Лукреция адресовала свой вопрос Дамиану, и тот не замедлил с ответом.
— Психология преступника извилиста, как потайные ходы тюдоровского дворца. Но, может быть… Как вы, Таффи, считаете? — перебросил Дамиан вопрос человеку в чёрном.
— Ну, — начал Таффи, — похоже было, что он пытается убежать, верно?
— Да, — отозвалось несколько голосов с разными интонациями.
— Видите ли, мне приходилось читать об этом. Психологи считают, что иногда бегство — это не бегство. Это желание, чтобы вас поймали.

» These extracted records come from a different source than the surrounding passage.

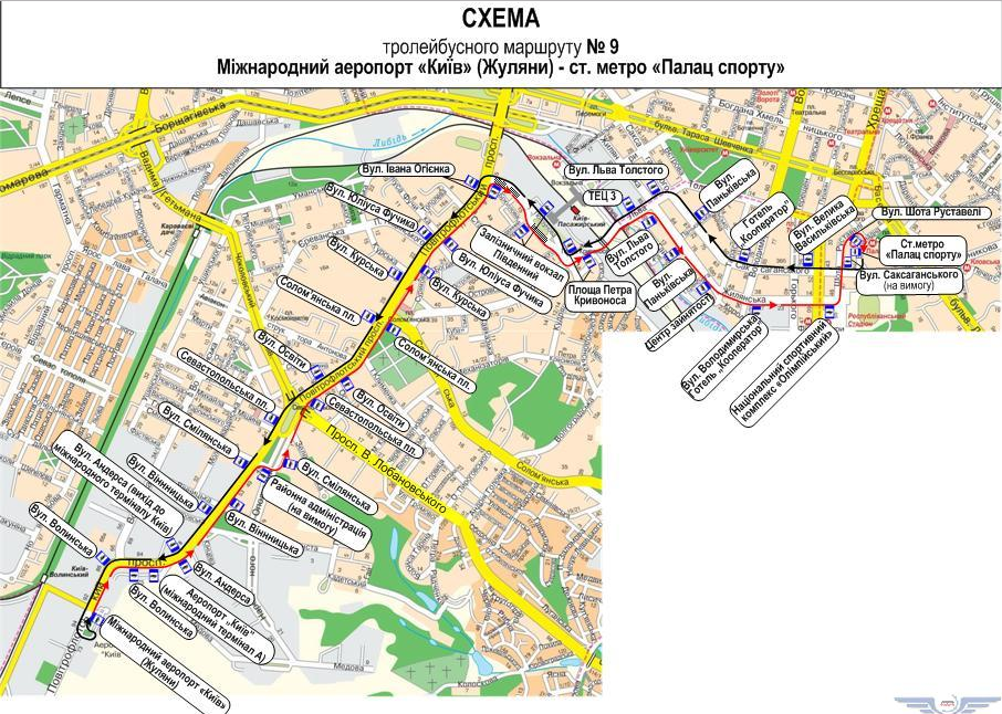 Теперь, начиная с субботы, троллейбус №9 будет курсировать по схеме: Международный аэропорт "Киев" имени Игоря Сикорского - проспект Воздухофлотский - улица Смелянская - улица Народного Ополчения (в обратном направлении проспект Воздухофлотский) - Севастопольская площадь - Воздухофлотский проспект - улица Ивана Огиенко - улица Георгия Кирпы (в обратном направлении улица Ползунова) - улица Василия Липкивского - улица Льва Толстого - улица Жилянская (в обратном направлении улица Саксаганского) - улица Шота Руставели- улица Рогнединская - улица Эспланадная -– станция метро "Дворец спорта" .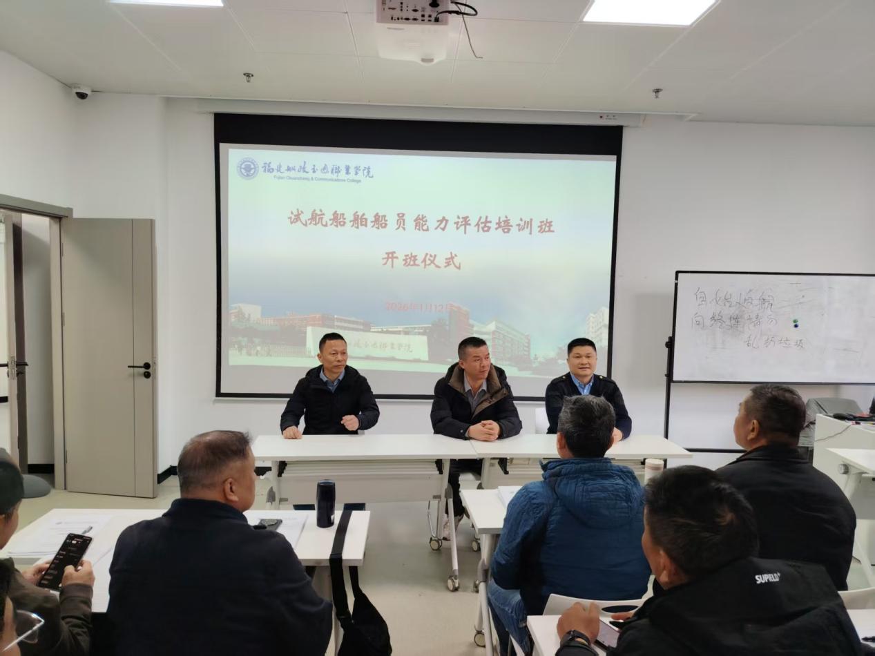 為推動(dòng)福建轄區(qū)海船試航船員能力評(píng)估工作走向規(guī)范化、標(biāo)準(zhǔn)化,切實(shí)提升試航船舶航行安全水平,福建船政交通職業(yè)學(xué)院航海學(xué)院承辦籌備的首期“海船試航船舶船員能力評(píng)估培訓(xùn)班”,于2026年1月12日在福州正式開班。56名來(lái)自福州、寧德轄區(qū)航運(yùn)一線的船長(zhǎng)、大副、輪機(jī)長(zhǎng)等骨干船員齊聚一堂,開啟專業(yè)淬煉之旅,福建首批“試航安全官”培育工作正式啟動(dòng)。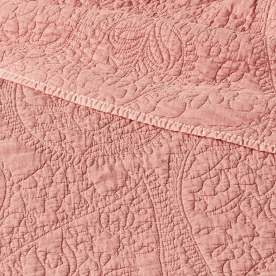 Refresh your bed and sleep in luxurious comfort night after night with this Garment Washed Paisley Stitch Quilt from Threshold™. This decorative paisley stitch quilt feels soft to the touch and adds an extra layer of warmth to your bed. Featuring a charming, garment-washed paisley stitch pattern in a solid hue, this quilt coordinates with matching shams and bedsheets of your choice to bring an inviting touch to your boudoir — giving you an array of decorating options.

— Разве если вы хотите, чтобы вас поймали, не проще оставаться на месте и ждать? — Лукреция откинула белокурые волосы жестом, выражающим вежливый скептицизм, — или желание показать, что Таффи — самый большой идиот, какого она в своей жизни слышала.

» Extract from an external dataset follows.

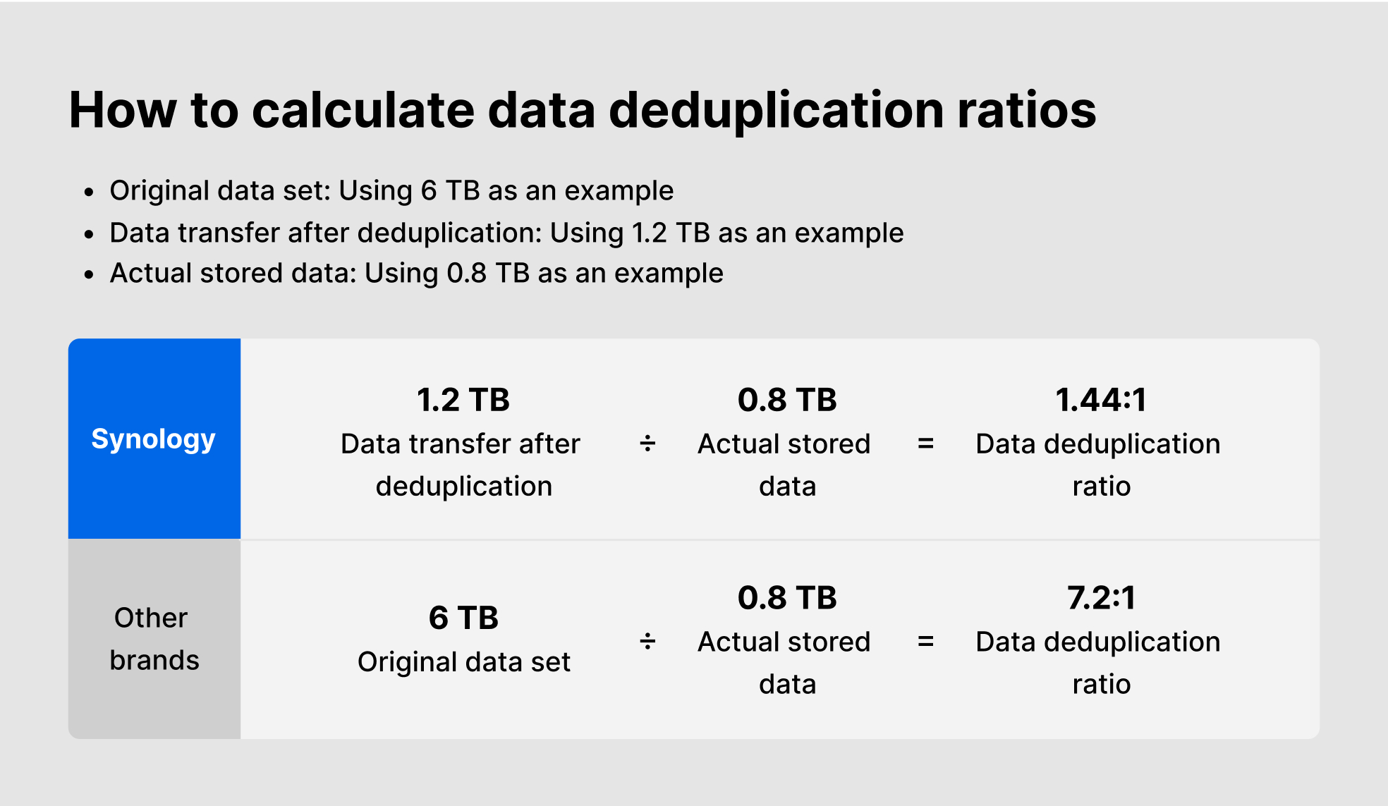 When measuring the efficiency of data deduplication, Synology recommends looking to Stage 2 [Data transfer after deduplication]. If you look at the value generated during Stage 1 [Original data set], this can be misleading as it contains both the “old” and “new” data, which is then divided by the total amount of data that is retained. Some vendors may artificially inflate this number, confusing users as to which stage the vendor actually uses to measure the efficiency of data deduplication.

— Необязательно. Тут может иметь место символическая фуга, компенсируемая символической же реинтеграцией в социум.
— Вы имеете в виду бегство и последующий арест?
— Если вам угодно использовать терминологию непосвящённых, то да. Видите ли, преступник не так уж сильно отличается от большинства из нас, сидящих за этим столом.
Да уж, от тебя он не слишком отличается, подумал Даффи.
— Преступник всегда стремится обрести своё место в обществе. Вот только иногда он использует для этого нетривиальные пути.
Как, например, избиение людей обрезком железной трубы.
— Но на деле он всегда стремится к воссоединению или, точнее, к соединению, которого у него никогда не было.
Даффи взглянул через стол на Вика; он подумал, был ли переезд Вика на границу Букингемширского и Бедфордширского графств «символической фугой» в поиске символического — или реального — воссоединения.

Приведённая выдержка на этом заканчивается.